PROBLEM TO WORK ON:
Under this line sits a listing. Repeat exactly and only its lines from the one holding "The Actions section" through the one holding "准备一个大盆,加入适量米醋、"; skip pictures.

DATA FOR REVIEW:
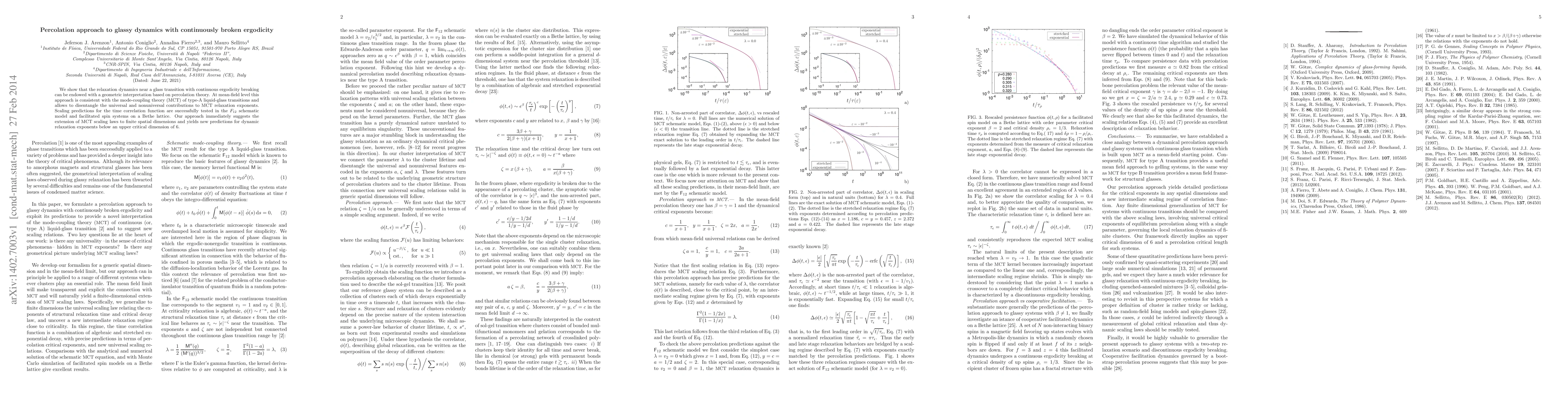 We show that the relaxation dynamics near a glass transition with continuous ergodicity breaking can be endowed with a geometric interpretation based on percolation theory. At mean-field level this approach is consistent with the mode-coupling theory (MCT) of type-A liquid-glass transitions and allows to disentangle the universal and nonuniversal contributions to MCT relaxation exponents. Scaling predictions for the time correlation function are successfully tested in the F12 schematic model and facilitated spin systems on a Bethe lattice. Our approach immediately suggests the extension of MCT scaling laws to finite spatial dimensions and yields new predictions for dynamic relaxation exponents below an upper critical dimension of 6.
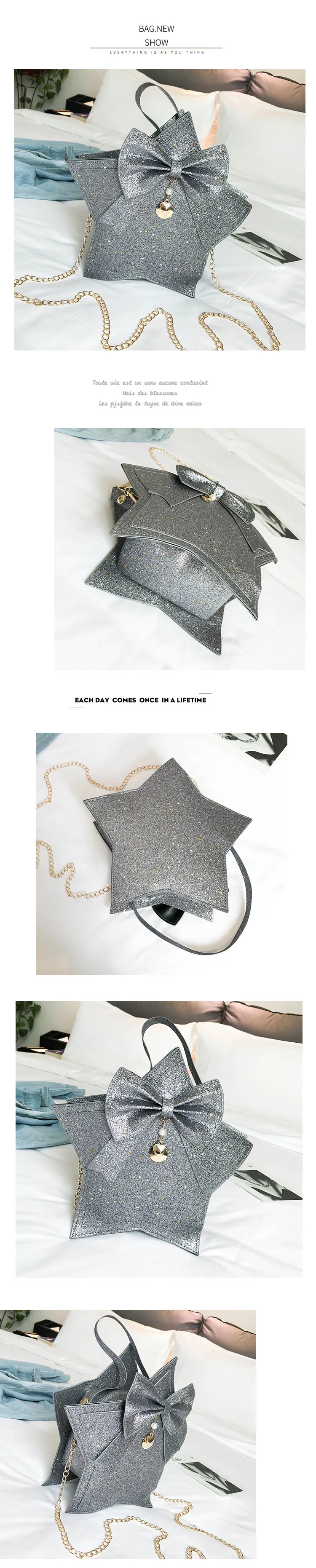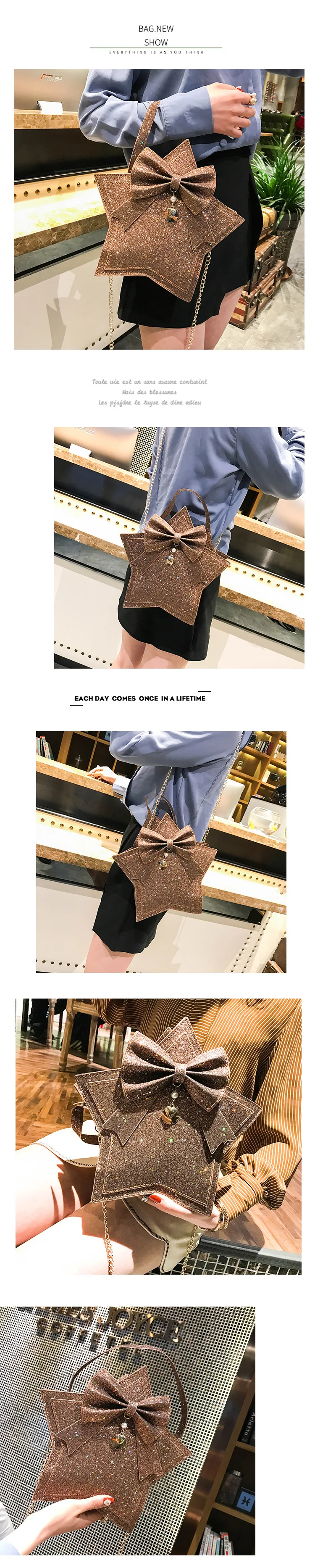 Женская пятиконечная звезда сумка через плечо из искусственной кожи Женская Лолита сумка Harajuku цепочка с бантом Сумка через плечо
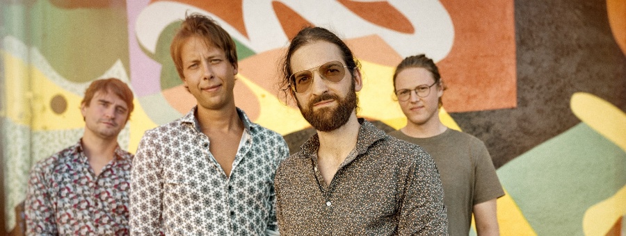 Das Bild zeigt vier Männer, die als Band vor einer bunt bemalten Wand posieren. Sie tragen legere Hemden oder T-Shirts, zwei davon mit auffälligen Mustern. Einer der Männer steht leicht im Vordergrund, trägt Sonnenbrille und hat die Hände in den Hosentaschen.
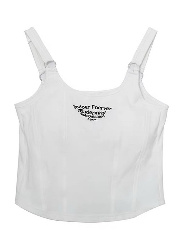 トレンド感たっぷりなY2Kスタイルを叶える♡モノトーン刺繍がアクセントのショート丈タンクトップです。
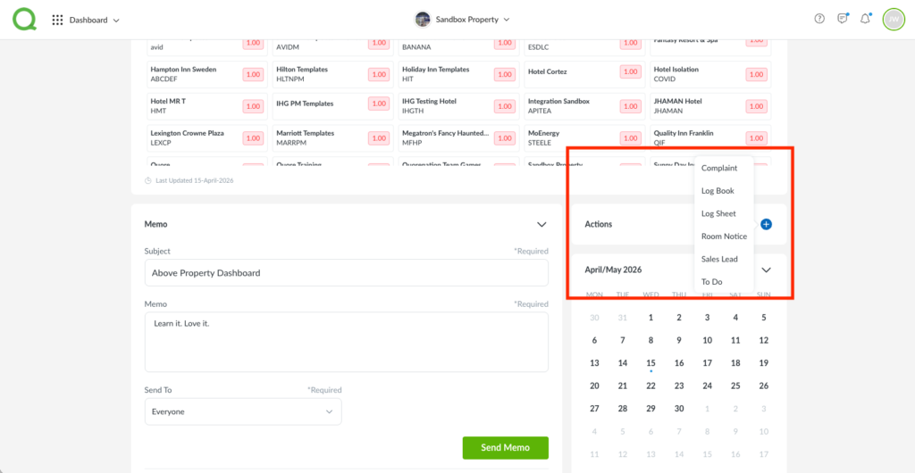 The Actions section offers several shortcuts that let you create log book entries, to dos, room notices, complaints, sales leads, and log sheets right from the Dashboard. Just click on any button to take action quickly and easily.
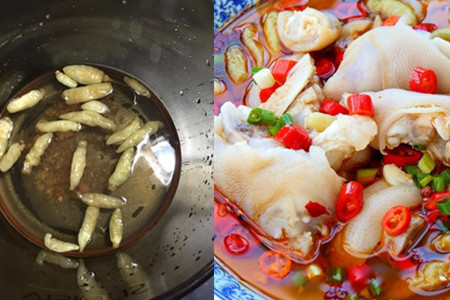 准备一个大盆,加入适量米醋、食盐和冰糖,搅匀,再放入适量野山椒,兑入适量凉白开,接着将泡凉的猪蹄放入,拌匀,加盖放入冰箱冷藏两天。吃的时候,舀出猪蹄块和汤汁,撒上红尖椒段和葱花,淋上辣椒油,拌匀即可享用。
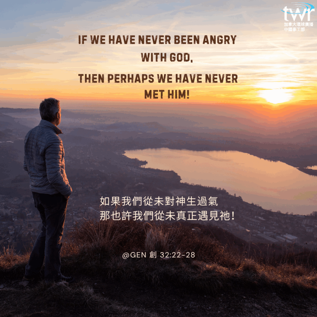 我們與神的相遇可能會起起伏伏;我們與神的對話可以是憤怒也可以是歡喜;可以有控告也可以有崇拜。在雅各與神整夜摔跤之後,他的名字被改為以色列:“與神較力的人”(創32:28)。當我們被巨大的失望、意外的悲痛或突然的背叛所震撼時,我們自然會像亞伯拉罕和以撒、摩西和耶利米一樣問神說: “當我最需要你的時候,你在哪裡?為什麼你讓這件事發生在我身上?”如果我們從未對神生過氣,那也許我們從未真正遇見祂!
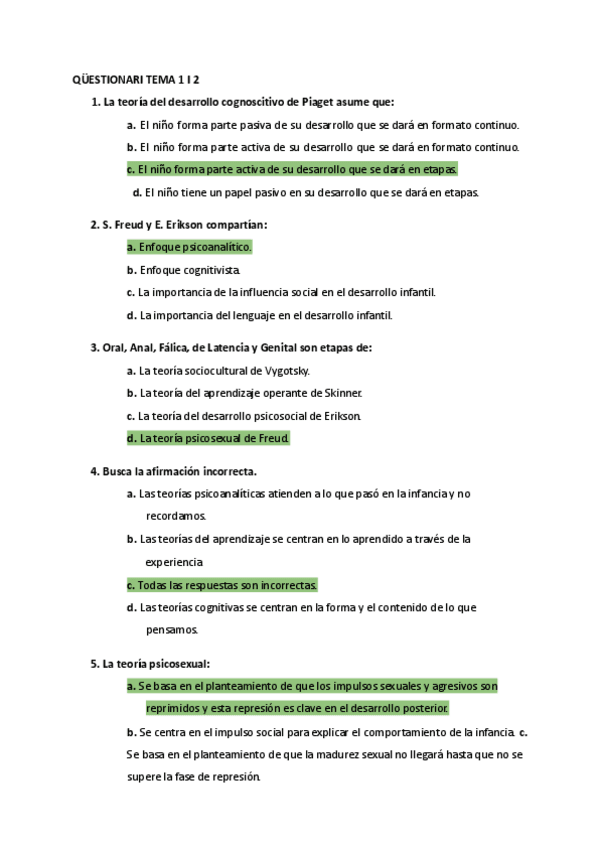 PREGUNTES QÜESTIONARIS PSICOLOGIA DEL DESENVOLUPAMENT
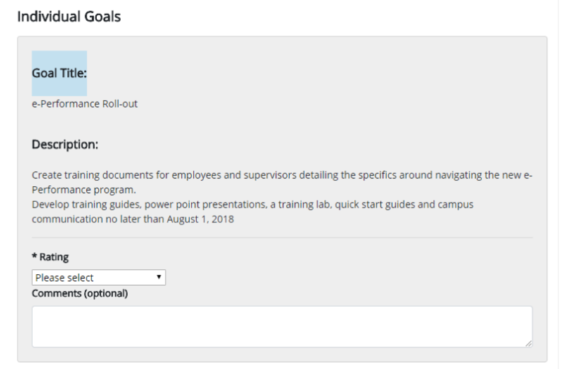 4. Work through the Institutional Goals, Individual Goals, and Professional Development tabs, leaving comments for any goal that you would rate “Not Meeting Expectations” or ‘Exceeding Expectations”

SOLUTION FOR THIS PROBLEM:
 The Actions section offers several shortcuts that let you create log book entries, to dos, room notices, complaints, sales leads, and log sheets right from the Dashboard. Just click on any button to take action quickly and easily.
 准备一个大盆,加入适量米醋、食盐和冰糖,搅匀,再放入适量野山椒,兑入适量凉白开,接着将泡凉的猪蹄放入,拌匀,加盖放入冰箱冷藏两天。吃的时候,舀出猪蹄块和汤汁,撒上红尖椒段和葱花,淋上辣椒油,拌匀即可享用。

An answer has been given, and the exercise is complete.